The COVID-19 pandemic demonstrated the influence community attitudes have on the health behaviors of its residents (e.g., wearing facemasks, accepting vaccines). Evidence on COVID-19 spread indicates that within-community contexts affect individual perceptions regarding taking precautions and following government guidelines and policies vary (1–3). Because COVID-19 and other infectious diseases spread mainly among persons sharing a physical environment, behaviors of members of a geographic community can influence transmission.

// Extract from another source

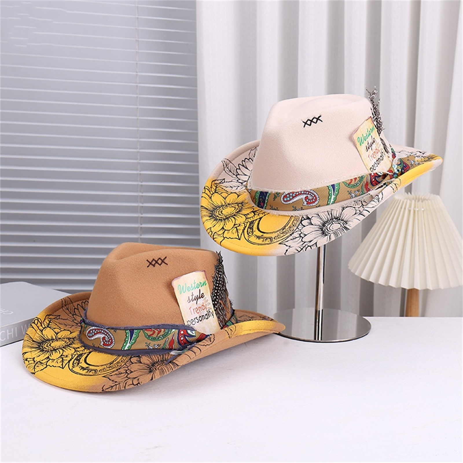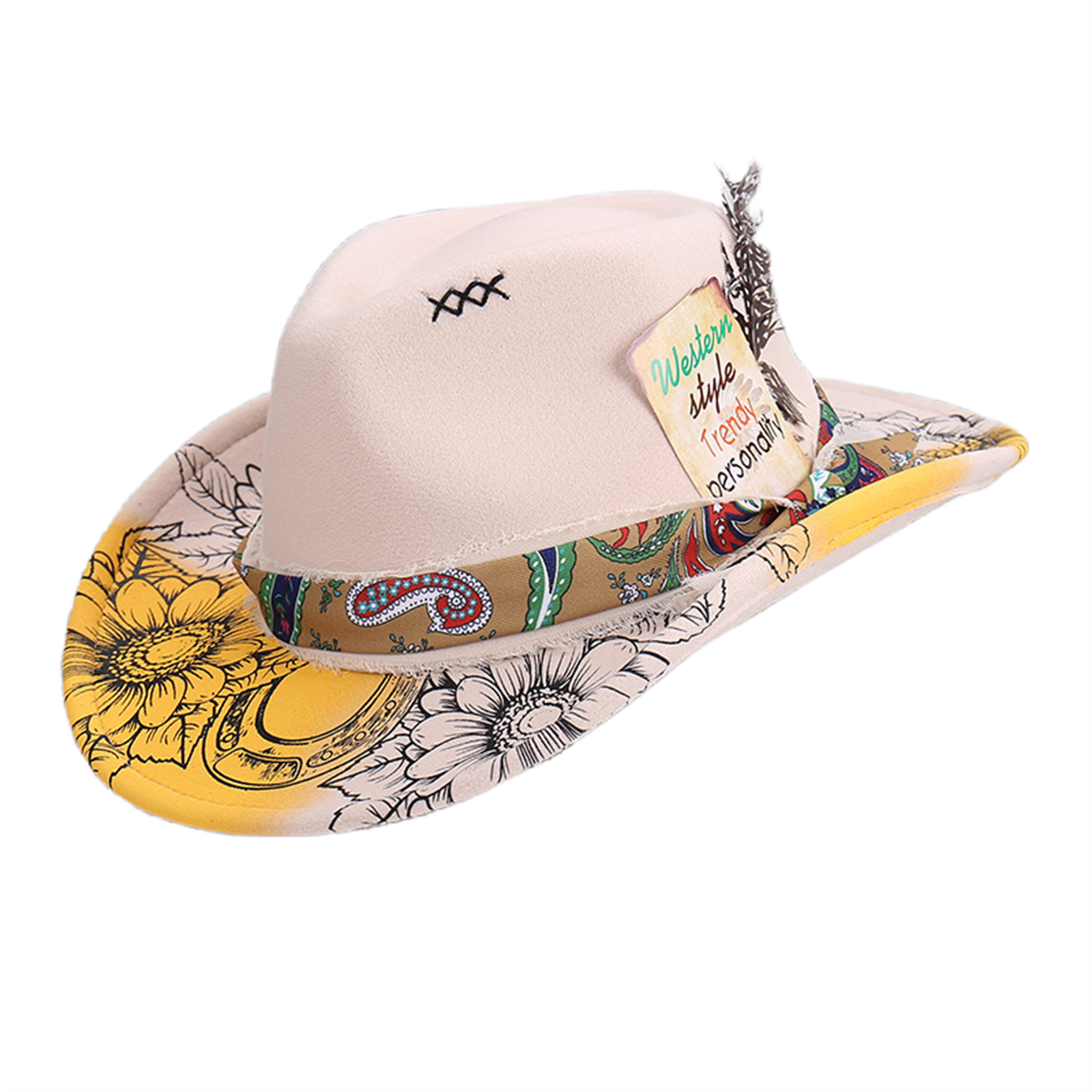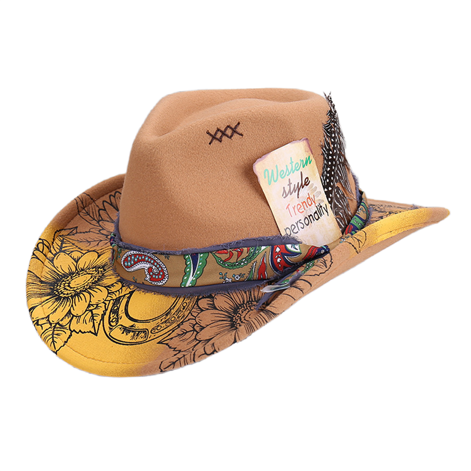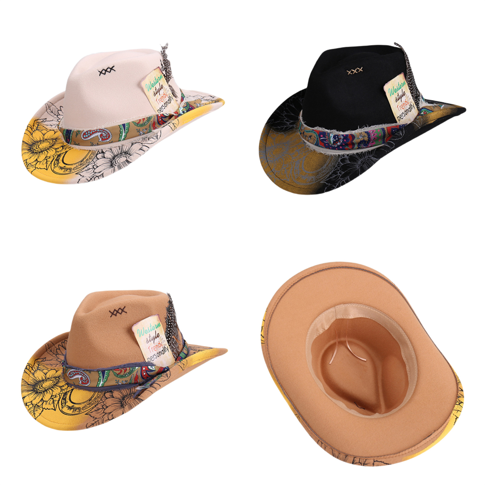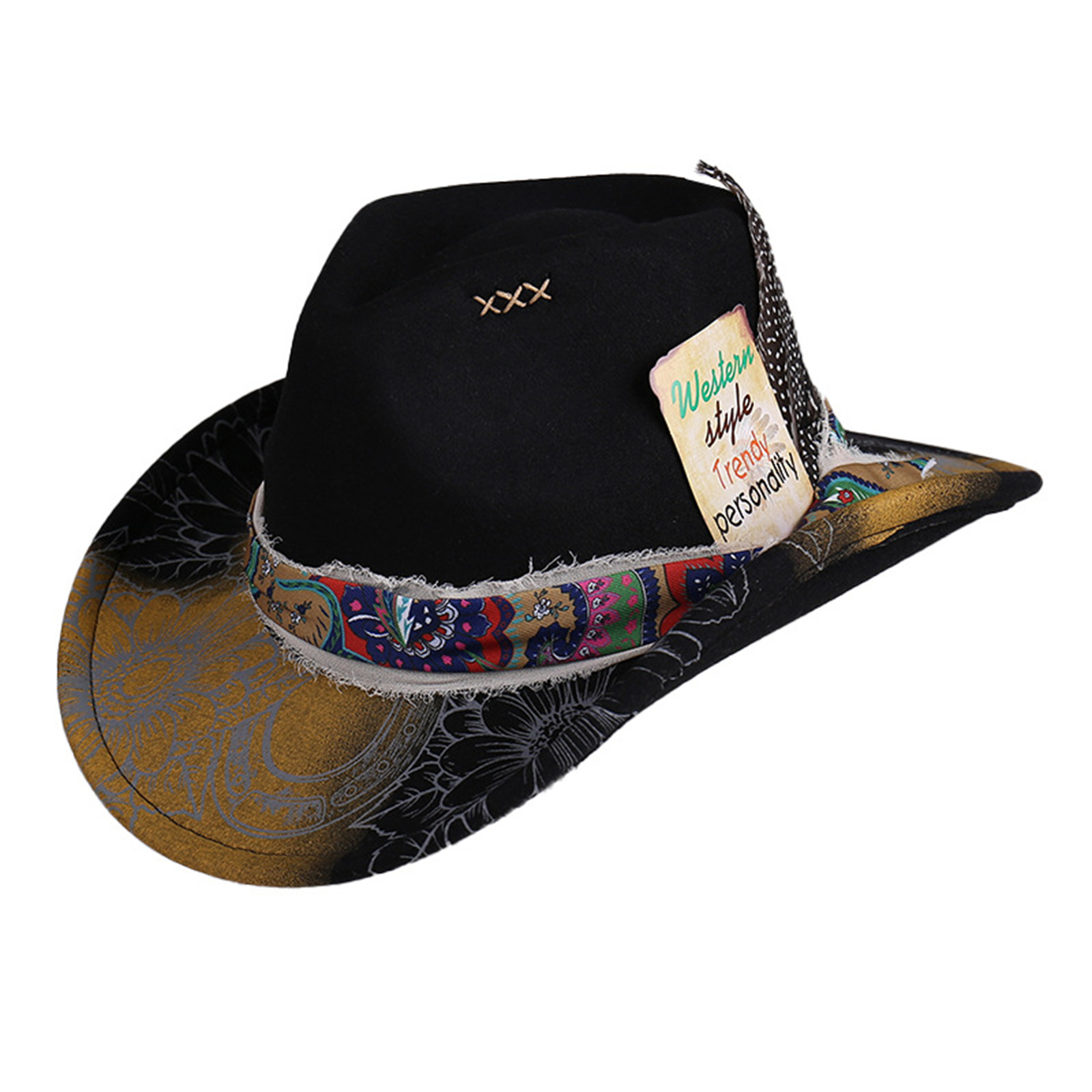 Retro Mens Women Ethnic Style Felt Hat Western Hat Classic Wide Brim Cowboy Hat

Climate in the context of health-safety refers to shared perceptions within a community about the importance of maintaining and supporting behaviors that protect residents from infectious diseases. Climate theory postulates that individual persons perceive how others in their group expect them to behave and shape their behaviors accordingly (4). From a social psychology perspective, climate refers to the shared perceptions of members of an organization, group, or community concerning the procedures, practices, and kinds of behaviors that are rewarded and supported within the unit (5,6). Tests of climate theory related to community characteristics (e.g., service, productivity, innovation, inclusion) have demonstrated climate to be an effective predictor of behaviors (7,8). Previous research suggests that tools to measure community climate can help identify differences in levels of health-safety climate (HSC level) among communities and extent of agreement among residents within a community (climate strength) (5,9).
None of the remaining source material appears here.